→ Problem description
Although the listing contains pictures, reproduce only its text, exactly as written.

→ Supplied data
--------
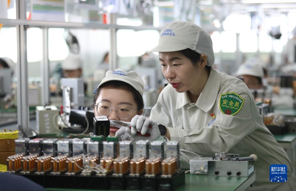 柯曉賓(右)在沈陽鐵路信號有限責任公司電器車間指導班組成員生產繼電器(10月17日攝)。
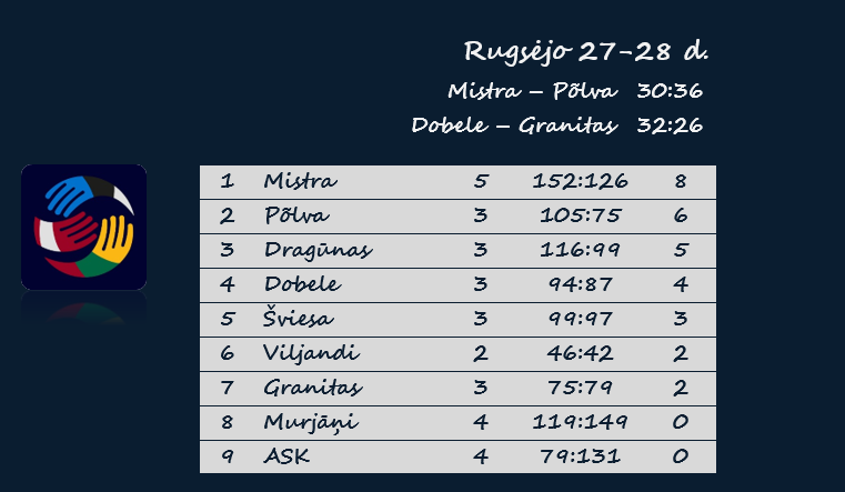 Penktadienį Baltijos lygoje žaidė dvi Estijos komandos. Jų rungtynėse Pylvos „Serviti“ išvykoje nugalėjo Talino „Mistra“ 36:30.
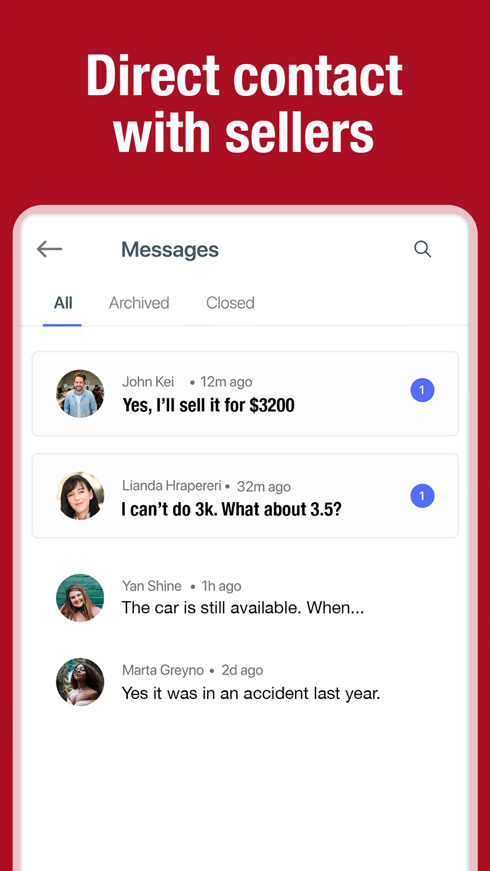 Free messaging connects buyers and sellers, allows you to set up a meeting point, and have a test drive.
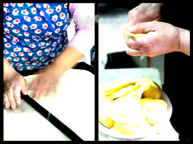 | Mia suocera stende l'impasto delle pizze mentre la zia affetta le patate |
--------
→ Solution for this problem
 柯曉賓(右)在沈陽鐵路信號有限責任公司電器車間指導班組成員生產繼電器(10月17日攝)。
 Penktadienį Baltijos lygoje žaidė dvi Estijos komandos. Jų rungtynėse Pylvos „Serviti“ išvykoje nugalėjo Talino „Mistra“ 36:30.
 Free messaging connects buyers and sellers, allows you to set up a meeting point, and have a test drive.
 | Mia suocera stende l'impasto delle pizze mentre la zia affetta le patate |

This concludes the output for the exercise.